• TASK DIRECTIONS: Pictures are not part of the copy; retype all the records below exactly.

(Dataset entries)

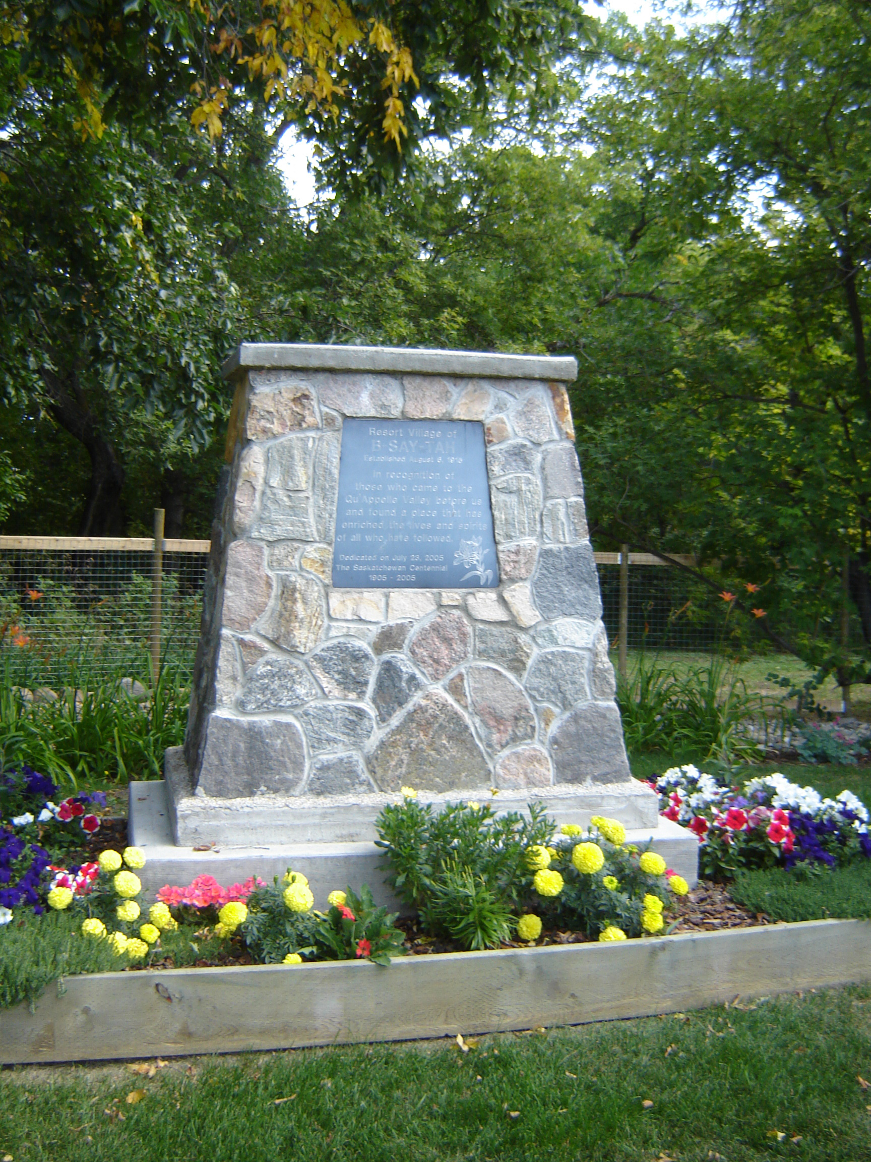 B-Say-Tah Established August 6, 1916. In recognition of those who came to the Qu'Appelle Valley before us and found a place that has enriched the lives and spirits of all who have followed. Dedicated on July 23, 2005 The Saskatchewan Centennial 1905-2005
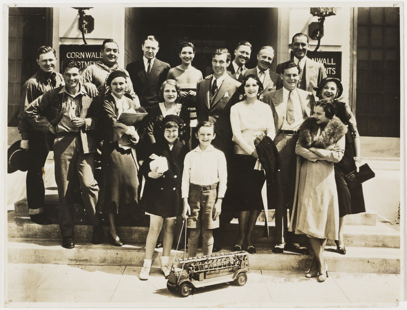 Above: Stuart Erwin, Eugene Pallette, Clive Brook, Kay Francis, Gary Cooper, Jack Oakie, "Skeets" Gallagher, William Boyde, Richard Arlen, Carole Lombard, Wynne Gibson, Rosetta Moreno, Norman Foster, Sylvia Sidney, Lilyan Tashman, Mitzi Green, and Jackie Searl. Format: Photograph Notes: Find more detailed information about this photograph: .au/item/itemDetailPaged.aspx?itemID=52721 Search for more great images in the State Library's collections: .au/search/SimpleSearch.aspx From the collection of the State Library of New South Wales
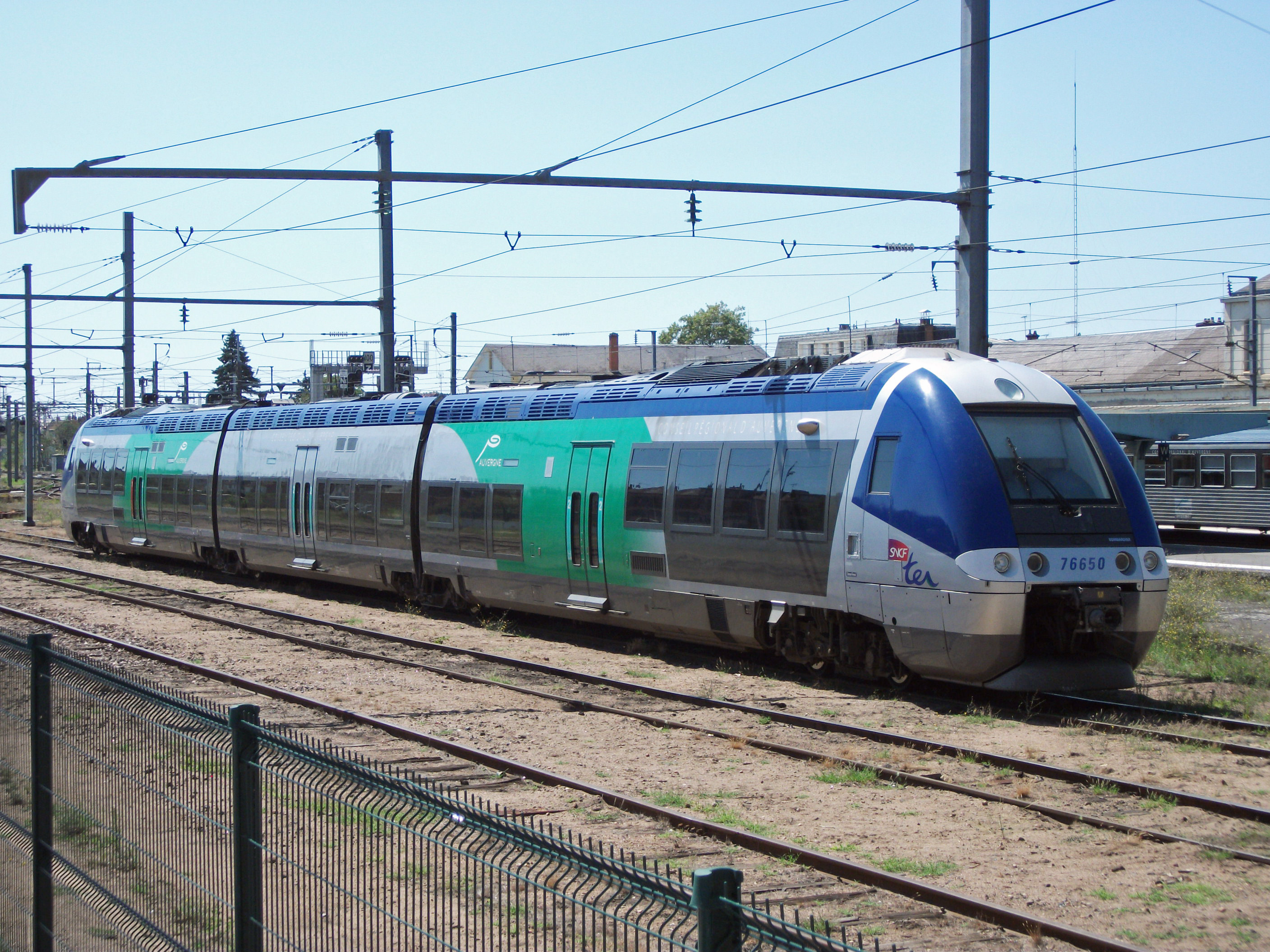 Autorail Grande Capacité X 76650 parked in Moulins-sur-Allier railway station [8850]
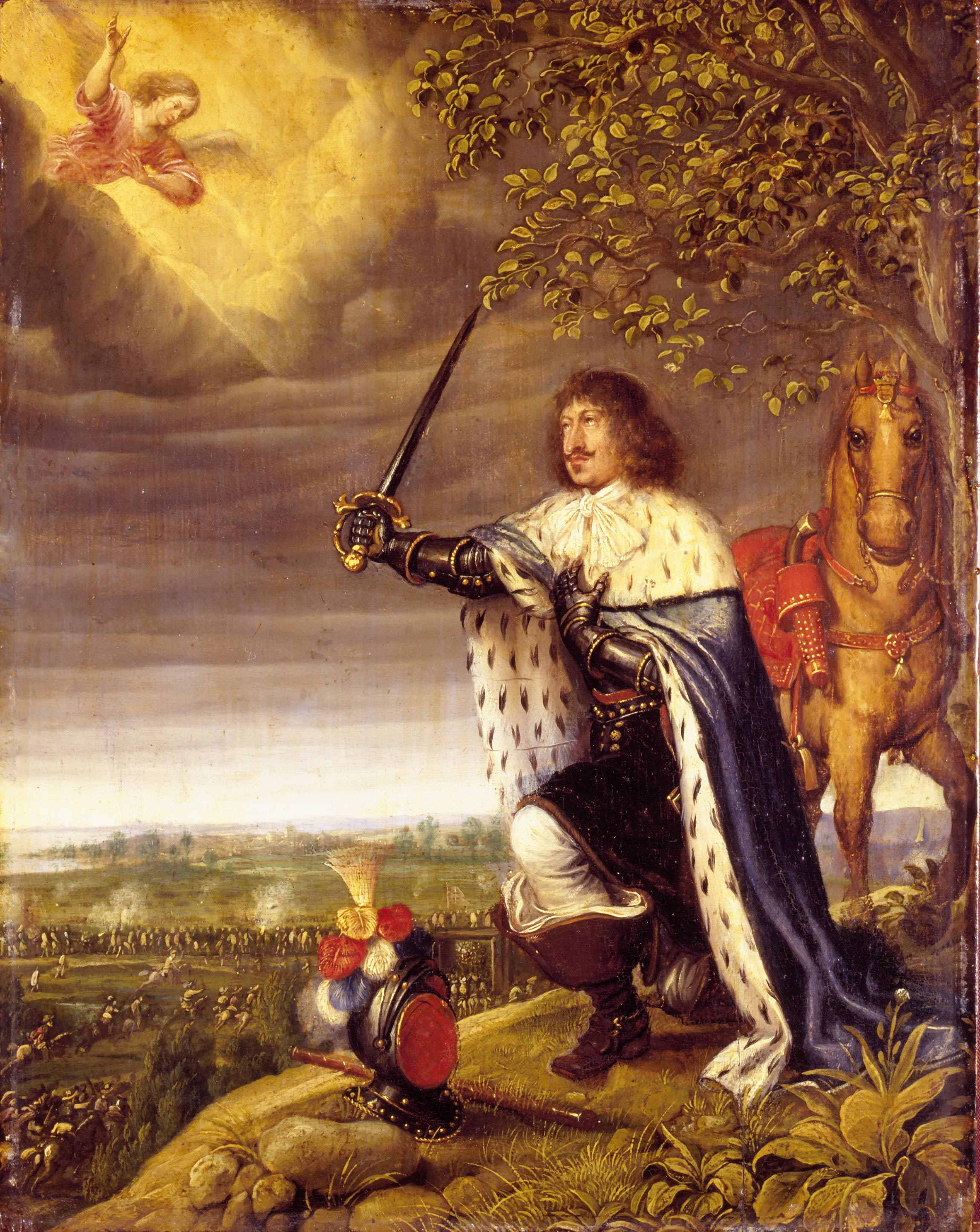 King Frederick III of Denmark painted at the Battle of Nyborg in November 1659 by Wolfgang Heinbach. However, the king was not actually present at the battle.
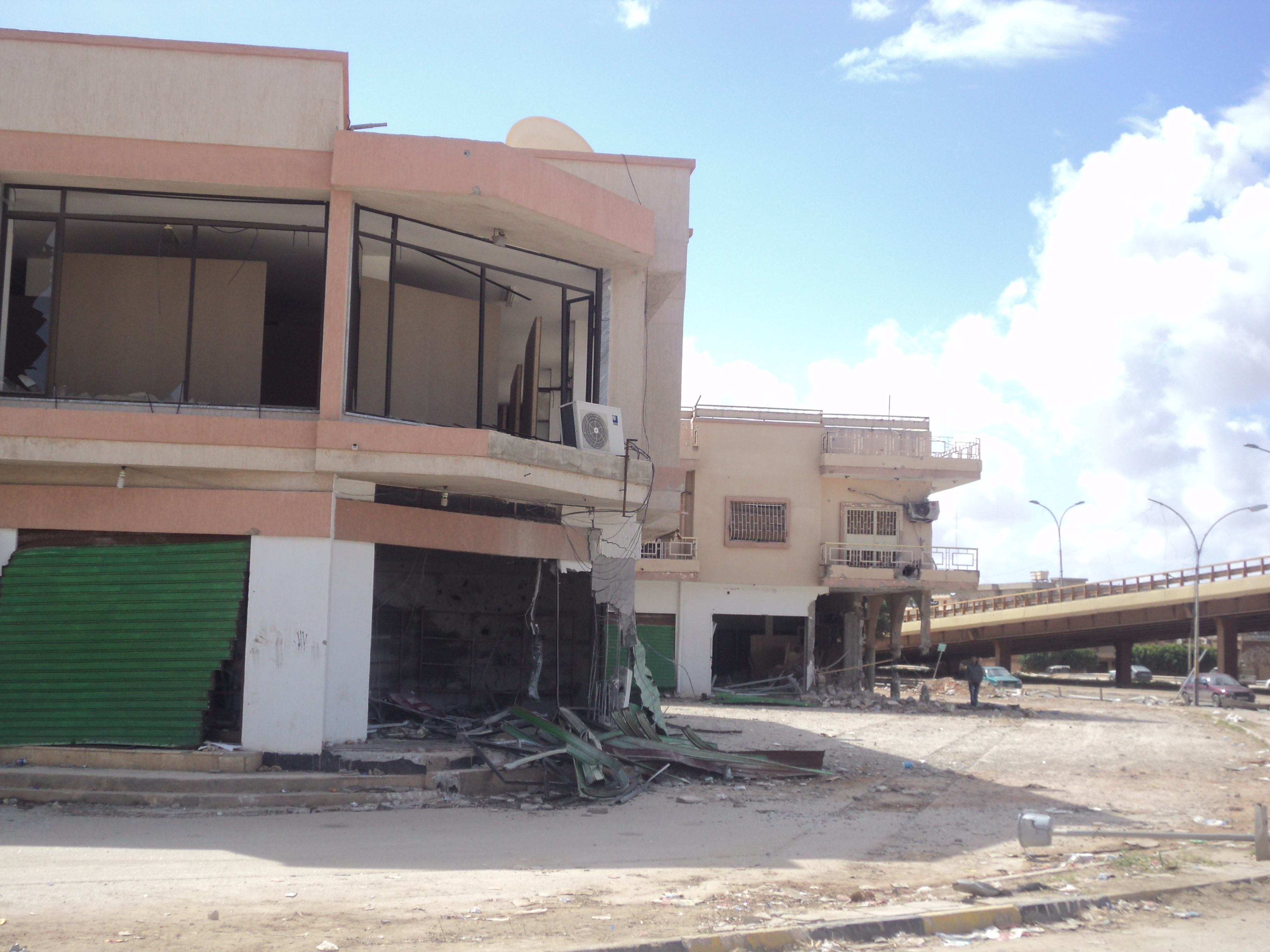 Destruction near Tripoli bridge, Benghazi, as a result of the battle between anti- and pro-Qadafi forces on March 19, 2011.

• ANSWER FOR THIS EXERCISE:
 B-Say-Tah Established August 6, 1916. In recognition of those who came to the Qu'Appelle Valley before us and found a place that has enriched the lives and spirits of all who have followed. Dedicated on July 23, 2005 The Saskatchewan Centennial 1905-2005
 Above: Stuart Erwin, Eugene Pallette, Clive Brook, Kay Francis, Gary Cooper, Jack Oakie, "Skeets" Gallagher, William Boyde, Richard Arlen, Carole Lombard, Wynne Gibson, Rosetta Moreno, Norman Foster, Sylvia Sidney, Lilyan Tashman, Mitzi Green, and Jackie Searl. Format: Photograph Notes: Find more detailed information about this photograph: .au/item/itemDetailPaged.aspx?itemID=52721 Search for more great images in the State Library's collections: .au/search/SimpleSearch.aspx From the collection of the State Library of New South Wales
 Autorail Grande Capacité X 76650 parked in Moulins-sur-Allier railway station [8850]
 King Frederick III of Denmark painted at the Battle of Nyborg in November 1659 by Wolfgang Heinbach. However, the king was not actually present at the battle.
 Destruction near Tripoli bridge, Benghazi, as a result of the battle between anti- and pro-Qadafi forces on March 19, 2011.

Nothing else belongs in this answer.